In this work, we have carefully modulated the perovskite composition and deposition process, enabling to boost the crystallinity by pushing the limit of Cs incorporation to 30% in FA_0.7Cs_0.3PbBr₃. The perovskite films exhibit outstanding structural stability tested for 28 days, with no evidence of phase segregation, as well as improved physical-chemical properties, in terms of suppressed non-radiative recombination associated with reduced trap density, as proven by temperature dependent photoluminescence (PL) studies. Our experimental findings have been supported by density functional theory (DFT) calculations, which predict the Cs segregation at high Cs concentrations.

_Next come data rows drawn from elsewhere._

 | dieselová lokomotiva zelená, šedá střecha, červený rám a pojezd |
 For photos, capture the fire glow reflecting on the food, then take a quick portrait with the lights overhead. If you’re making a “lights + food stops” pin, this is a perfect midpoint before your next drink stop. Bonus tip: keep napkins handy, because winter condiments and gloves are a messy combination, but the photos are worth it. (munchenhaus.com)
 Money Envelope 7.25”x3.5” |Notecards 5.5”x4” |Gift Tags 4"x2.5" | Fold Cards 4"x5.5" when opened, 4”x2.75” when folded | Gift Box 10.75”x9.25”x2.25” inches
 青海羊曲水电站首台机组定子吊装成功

In addition, to demonstrate the practical importance of this material, we have tested it as an active layer in solar cells. Perovskite solar cells have been developed showing a remarkably high Voc, beyond 1.3 V, and enhanced PV performances, providing a step further in the research towards high open circuit voltage (Voc) perovskite materials, a hot topic for tandem perovskite solar cell applications (see Table 1).

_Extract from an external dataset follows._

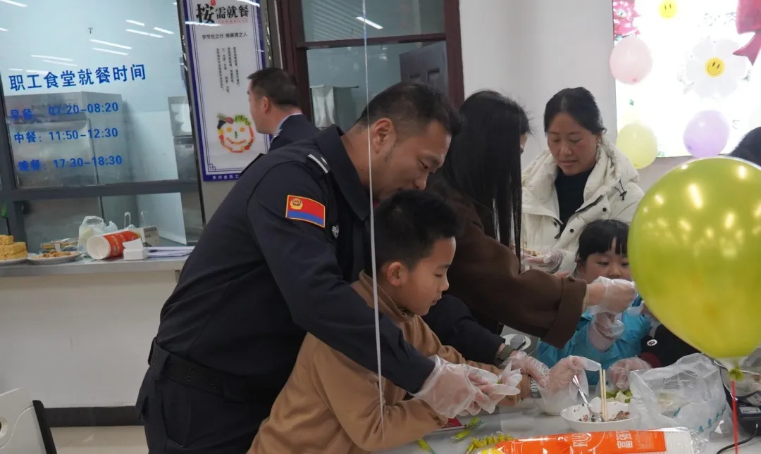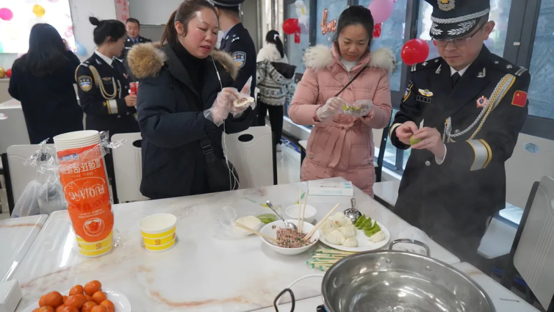 活动最后,民警与家属们共进午餐,共享团圆时刻。大家围坐一堂,畅叙家常,分工协作,将揉面、擀皮、包饺子一气呵成,各展身手,共同完成一个个饱满圆润的“平安饺”。

Perovskite thin films have been prepared from a perovskite solution (1.2M) obtained by mixing FABr, CsBr, and PbBr₂ in DMSO. Various percentages of CsBr from x = 0, 0.1, 0.3, 0.5, 0.7, 0.9, and 1 have been tested to form FA_(1−x)Cs_xPbBr₃ thin films. Note that for Cs% > 50% the solutions present partial aggregation due to scarce insolubility of the CsBr in DMSO. This causes the formation of aggregates which prevents the deposition of a uniform film (see Fig. S1). The prepared perovskite precursors are spin-coated on the fluorine-doped tin oxide (FTO)/compact layer TiO₂ (c-TiO₂)/mesoporus layer TiO₂ (mp-TiO₂)/SnO₂ substrates at 1000 rpm for 10 s and 4000 rpm for 30 s. Instead of using the FA_(1−x)Cs_xPbBr₃ nanocrystal pinching method by using additives in the antisolvent as reported by Cho et al. for LED applications,⁵ we use a simple anti-solvent dropping process to wash out the DMSO and to induce an instantaneous crystallization of the perovskite film by adding chlorobenzene 6 s before the end of the spin-coating process. The films are finally annealed at 100 °C for 60 min. This results in a compact, pinhole-free thin film of FA_(1−x)Cs_xPbBr₃. The FA_0.7Cs_0.3PbBr₃ film shows closely packed grains with an average size of 315 nm (as shown in the supplementary material, Fig. S2).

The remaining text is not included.